Auction Update Review
Some fresh thinking: countdown to launch
Fifty years of book collecting has only increased my interest in collectible material. As a kid I could ask, see, visit, barter, trade, negotiate and buy and gather impressions that altogether developed into a consuming passion for the complex and rare. I've had many careers but never experienced in anything else the complex challenges of the world of print. In this field the Rubik's Cube is, by comparison, a piece of cake. Today, at 64, to me the field has never been clearer, it's divisions ever more defined. But neither has the field been, at least in modern times, less healthy. The field has become a continent of states and provinces, all to some extent important, none significant enough to carry the over-arching concept of collecting to the next generation. In our re-introduction of the site we hope to fan these flames.

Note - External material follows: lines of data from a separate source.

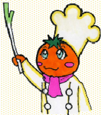
弁当づくりキャラクター 「バランス伊予ちゃん」

中予地方局では、若者の健康維持増進及び食育の推進のため、バランスのよい「食べさせたい・食べたい弁当」を募集します。皆さんからいただいたアイデアをもとに、管理栄養士などの専門家が弁当を作成し、審査で選ばれた弁当を県や大学で広報し、バランス食の普及や野菜摂取向上を目指します。是非ご応募ください。
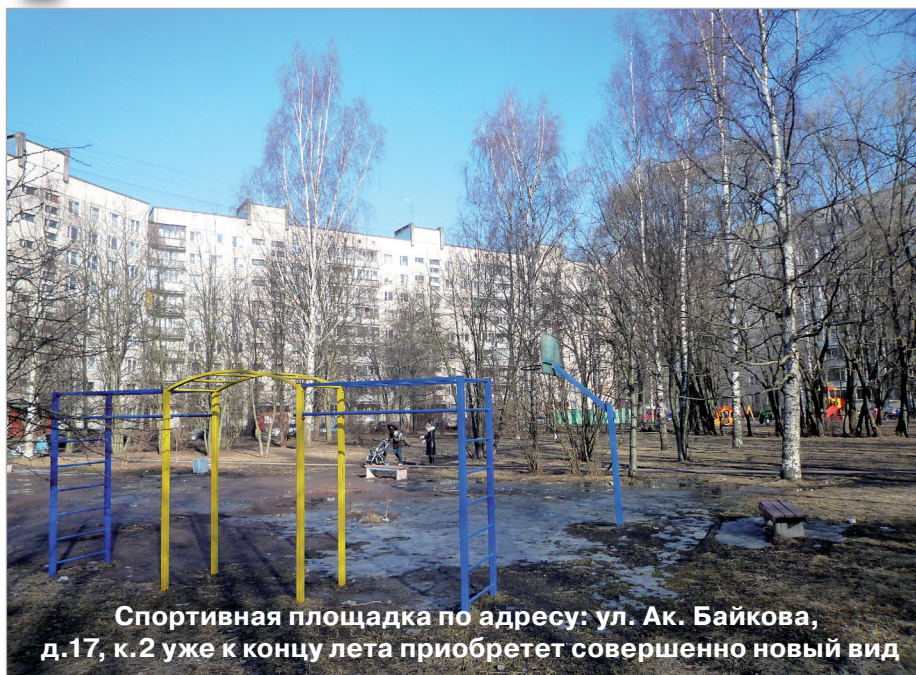
Спортивная площадка по адресу: ул. Ак. Байкова, д.17, к.2 уже к концу лета приобретет совершенно новый вид

порядок – заменят существующее основание на прорезиненное, установят детское игровое и спортивное оборудование. Восстановят газоны и установят новые урны и скамейки, а также газонные ограждения. Кроме того будет произведен ремонт асфальтобетонного покрытия проезда между сквером и ограждением учебных заведений. Появятся здесь и новые пешеходные дорожки.
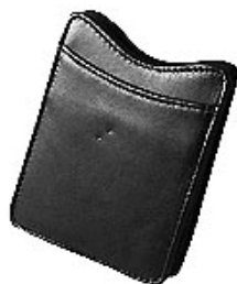
010-10723-02 Housse en cuir
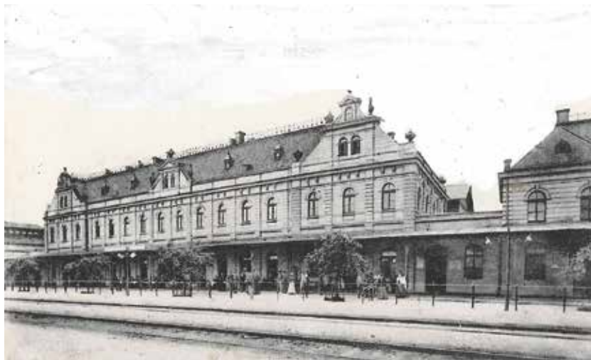
Nádraží ve Svinově na počátku 20. století.

Those who collect today invariably use the web but most learned about the field in the era when dealers had open shops, book fairs were larger and more frequent and works on paper were generally held in higher esteem. Were today's collectors young again no doubt they too would be drawn in the myriad directions that beckon acquirers too often to see works on papers as "what their father used to collect."
This coming week we'll introduce a new take on collecting. It is intended to appeal to the next generation while being transparent to those with experience. It is intended to be both simple and challenging and to directly confront the idea that the field as a succession of independent marketplaces is the future of bookselling. I don't believe it. In the model we'll introduce it is the material that is important. That material may come from dealers, collectors or institutions and be offered at auction, on line, at shows or in dealer catalogues.
We see in this the potential for wider interest and recovering prices. We see hundreds, if not thousands of dealers, having a chance for extended careers and more comfortable livings. We see this because the interconnected approach we'll use will simply be easier to understand in what will be a more transparent process. Simply stated, we believe clarity will beget interest.
For the rare book, manuscript, map and ephemera fields to prosper collectors must have confidence. In a series of steps over the next six weeks we'll introduce an approach to do this. And if some are positively influenced the nine months of preparation will have been well worth the effort.